OKB-172 at the Leningrad prison "Kresty" (before the evacuation, in 1942, to Molotov it was called the OTB UNKVD for the Leningrad Region) was officially created in April 1938 (actually earlier). Several dozen samples were developed on the basis of this design bureau. military equipment, well-proven during the Second World War, for example, self-propelled guns SU-152 and ISU-152, two-gun 130 mm naval artillery mount of the main caliber B-2-LM, 45 mm anti-tank gun model 1942 (M-42, “magpie” ) and others. The first employees of the OTB were the arrested engineers of the Bolshevik prison. From the beginning of his work, the leading designer of the OTB was S.I. Lodkin. Later, the work collective of the “sharashka” was replenished with arrested mathematicians, mechanics, engineers, among whom there were many prominent specialists, such as designers: V. L. Brodsky (builder of the cruiser “Kirov”), E. E. Papmel, A. S. Tochinsky, A. L. Konstantinov, M. Yu. Tsirulnikov; mathematicians professors A. M. Zhuravsky and N. S. Koshlyakov, arrested in the famous blockade case No. 555, and others. Disbanded in 1953.

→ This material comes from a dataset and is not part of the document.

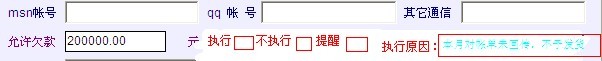 建议老师们再辛苦一下,将该功能嫁移到客户管理中,在允许欠款的后面增加“不处理”、“提示”、“不允许保存存”三个选项,然后再增设一个提示内容输入框,便于财务部直接将该客户设置成“不允许保存”的理由标明(不一定是因为超过授信额度的单一原因,有可能是不配合对帐啊,不配合回款、开票等其他事因),。。。。
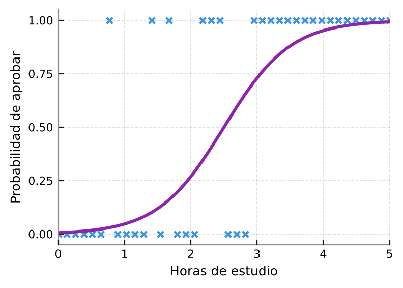 - Regresión logística: en situaciones donde el resultado es una probabilidad entre 0 y 1, se utiliza una curva en forma de S, llamada función sigmoidea. Sirve para responder preguntas como: "Con X horas de estudio, ¿cuál es la probabilidad de aprobar un examen?". A diferencia de la regresión lineal, aquí no se busca un valor exacto, sino una probabilidad de entre dos alternativas (Siguiendo el ejemplo, Aprobado/Reprobado).

Famous prisoners of prison research institutes and design bureaus

R. L. Bartini, aircraft designer;
N. I. Bazenkov, aircraft designer;
Belder Mikhail Abramovich, scientist chemist;
Vorobyov David Evseevich, scientist chemist;
V. P. Glushko
D. P. Grigorovich, aircraft designer;
S. M. Ivashev-Musatov, artist;
L. Z. Kopelev, writer, literary critic;
N. S. Koshlyakov, mathematician, corresponding member. USSR Academy of Sciences;
S. P. Korolev, designer of rocket and space technology;
L. L. Kerber, long-distance radio communications specialist;
Yu. V. Kondratyuk, designer of wind power plants, author of works on astronautics (Novosibirsk, OPKB-14, 1930-32);
N. E. Lanceray, architect-artist;
S.I.Lodkin, designer in the field of shipbuilding and military artillery;
B. S. Malakhovsky, designer of steam locomotives;
D. S. Markov, aircraft designer;
B. S. Maslenikov, pioneer of Russian aviation, engineer, organizer (Novosibirsk, head of OPKB-14 at the OGPU PP of the West Siberian Territory, 1930-1932, civilian);
V. M. Myasishchev, aircraft designer;
I. G. Neman, aircraft designer;
N.V. Nikitin, engineer, future creator of the Ostankino TV tower (Novosibirsk, OPKB-14, 1930-32, worked part-time);

As a representative of the now endangered species of Homo sapiens - a Soviet engineer - I was interested in the topic of “sharashkas” - creative engineering teams that produced a huge number of high-quality design and technological developments for the military-industrial complex. These developments first helped us win the Great Patriotic War, then they saved the Soviet Union and all of humanity from nuclear war, and the apogee of their activity was our breakthrough into space.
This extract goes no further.